WALLACE v. MEDIC AMBULANCE SERV., INC., ET AL. Case No. CU24-05970
Motion for Judgment on the Pleadings
TENTATIVE RULING Defendant’s motion for judgment on the pleadings is granted with leave to amend. Statutory causes of action must be pleaded with particularity. (Covenant Care, Inc. v. Superior Court (2004) 32 Cal.4th 771, 790; Lopez v. S. Cal. Rapid Transit Dist. (1985) 40 Cal.3d 780, 795.) “[T]he plaintiff must set forth facts in his complaint sufficiently detailed and specific to support an inference that each of the statutory elements of liability is satisfied.” (Mittenhuber v. City of Redondo Beach (1979) 142 Cal.App.3d 1, 5.) Although less specificity may be warranted when a defendant has superior knowledge of the facts, the pleading must still provide sufficient notice of the issues to enable the defendant to prepare a defense. (Doe v. City of Los Angeles (2007) 42 Cal.4th 531, 549-550.)
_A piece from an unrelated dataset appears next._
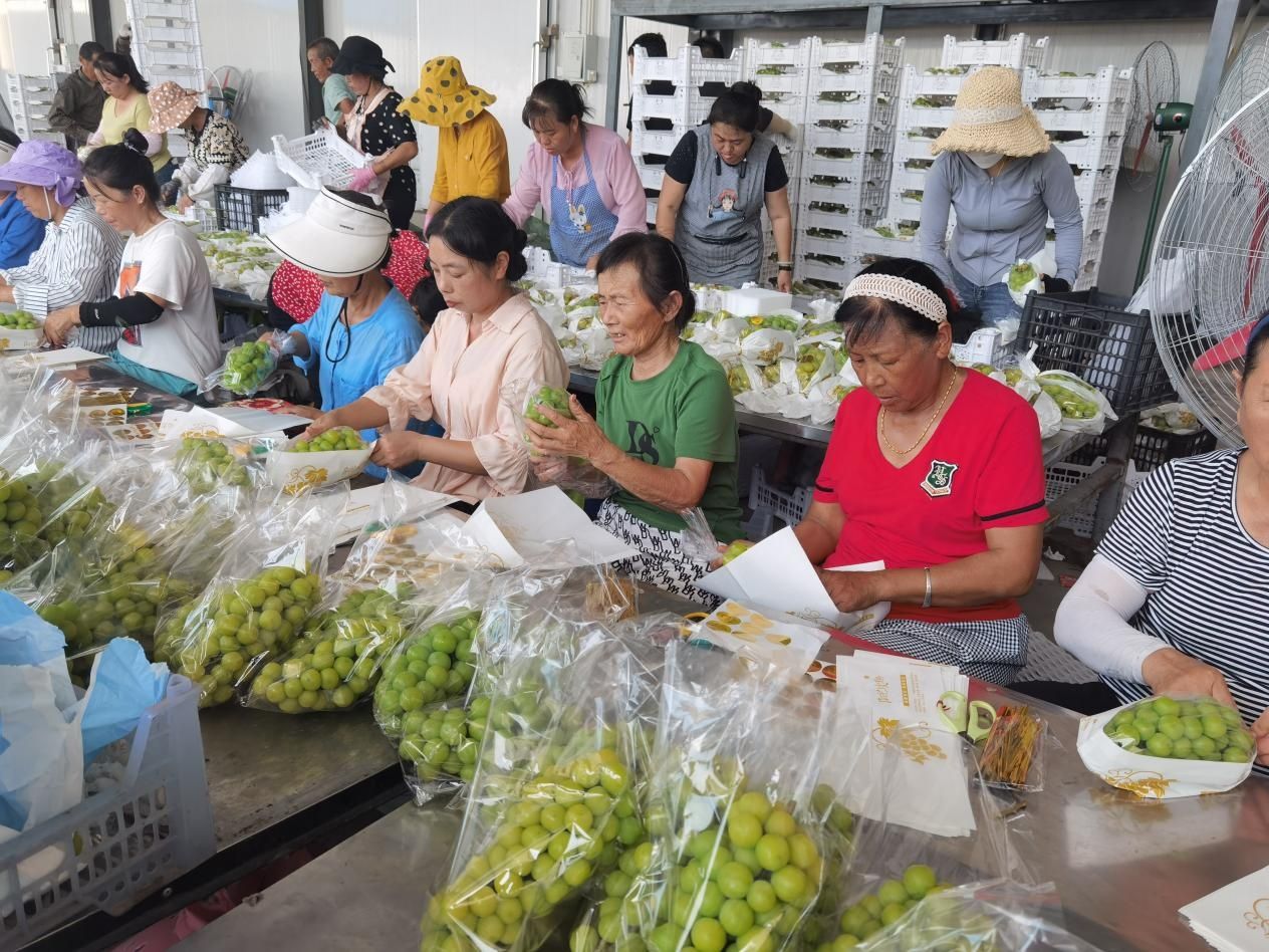 在合作社大棚內(nèi),村民謝大媽小心翼翼地將葡萄剪下放進(jìn)筐內(nèi)?!笆┓?、栽苗、覆膜,抹芽、疏果、套袋……每一個(gè)環(huán)節(jié)都不能馬虎。我們葡萄味道純正,很受歡迎,大家都搶著購買呢!”看著即將出售的陽光玫瑰,謝大媽難掩激動(dòng)之情。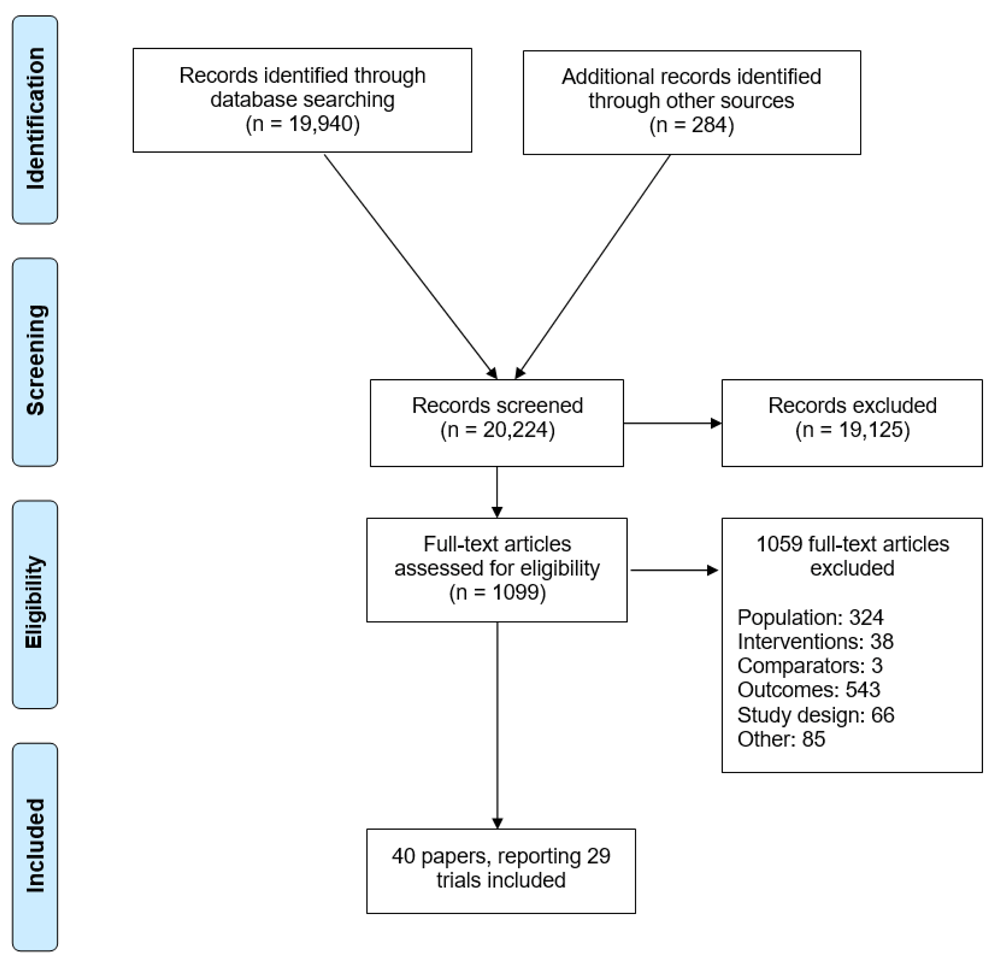 We identified 20,224 abstracts from our database searches and hand searching of reference lists from published reviews (Figure 1). Of these, 1099 studies underwent a full-text review, and 40 papers reporting on 29 trials met our inclusion criteria. In total, these trials pertained to 35,119 participants that were randomized to 73 unique interventions (Figure 2). The list of the final subset is provided in Table 2, and the list of excluded studies (Extended data, Supplementary Table 5)25 is provided in the online appendix.

Plaintiff has not pleaded facts sufficient to provide Defendant notice of the issues it will have to defend. Plaintiff concludes that Defendant required Plaintiff and other employees to “work” during meal and rest periods, but does not articulate what duties were required to be performed or the circumstances surrounding the interruption of any meal or rest periods. (FAC, ¶¶ 52, 61.) Plaintiff concludes that Defendant failed to pay minimum wages, but does not articulate how the wages paid fell below minimum wages. (FAC, ¶ 67.)
Plaintiff concludes that earned wages were not paid within 72 hours of termination of employment, but does not specify what wages were not paid. (FAC, ¶ 72.) Plaintiff concludes that Defendant failed to provide complete and accurate wage statements that did not provide the total number of hours worked, but does not allege how this missing information caused injury. (FAC, ¶¶ 79-80.) Plaintiff concludes that Defendant did not reimburse employees for all necessary expenditures incurred by employees, but does not identify the nature of any expenses incurred by any employee or the circumstances under which the expenses were incurred. (FAC, ¶ 85.)
Having failed to plead the underlying Labor Code violations with adequate specificity, Plaintiff’s derivative claims for PAGA penalties and for violation of the UCL also fail.